> Exercise aim
Leaving out the images, repeat all the lines below exactly.

Content starts

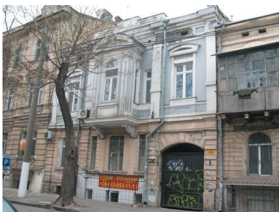
Рис. 8. Ул. Кузнечная, 27
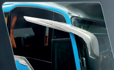
Visibilidade do espelho retrovisor ampliada.
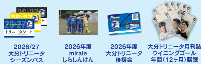
2026/27 大分トリニータ シーズンパス
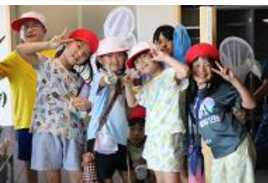
虫取りに挑戦！ (2年生)

稲穂公園で虫取りをしました。コオロギ、バッタ、蝶など、たくさんの虫を捕まえました。カエルもいました！！
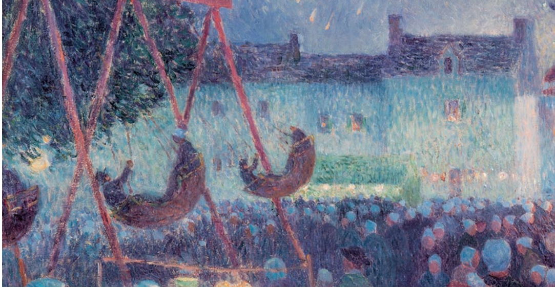
Ferdinand du Puigaudeau, Fiesta nocturna en Saint-Pol-de-Léon , ca. 1895.
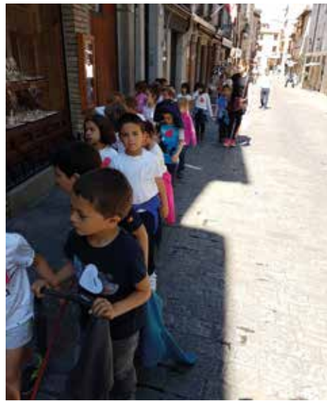
VISITA A ARQUEOPINTO (1º, 2º Y 3º DE PRIMARIA)
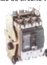
Compact NS 250H em chassi extraível

Content ends

> Answer for the task
Рис. 8. Ул. Кузнечная, 27
Visibilidade do espelho retrovisor ampliada.
2026/27 大分トリニータ シーズンパス
虫取りに挑戦！ (2年生)

稲穂公園で虫取りをしました。コオロギ、バッタ、蝶など、たくさんの虫を捕まえました。カエルもいました！！
Ferdinand du Puigaudeau, Fiesta nocturna en Saint-Pol-de-Léon , ca. 1895.
VISITA A ARQUEOPINTO (1º, 2º Y 3º DE PRIMARIA)
Compact NS 250H em chassi extraível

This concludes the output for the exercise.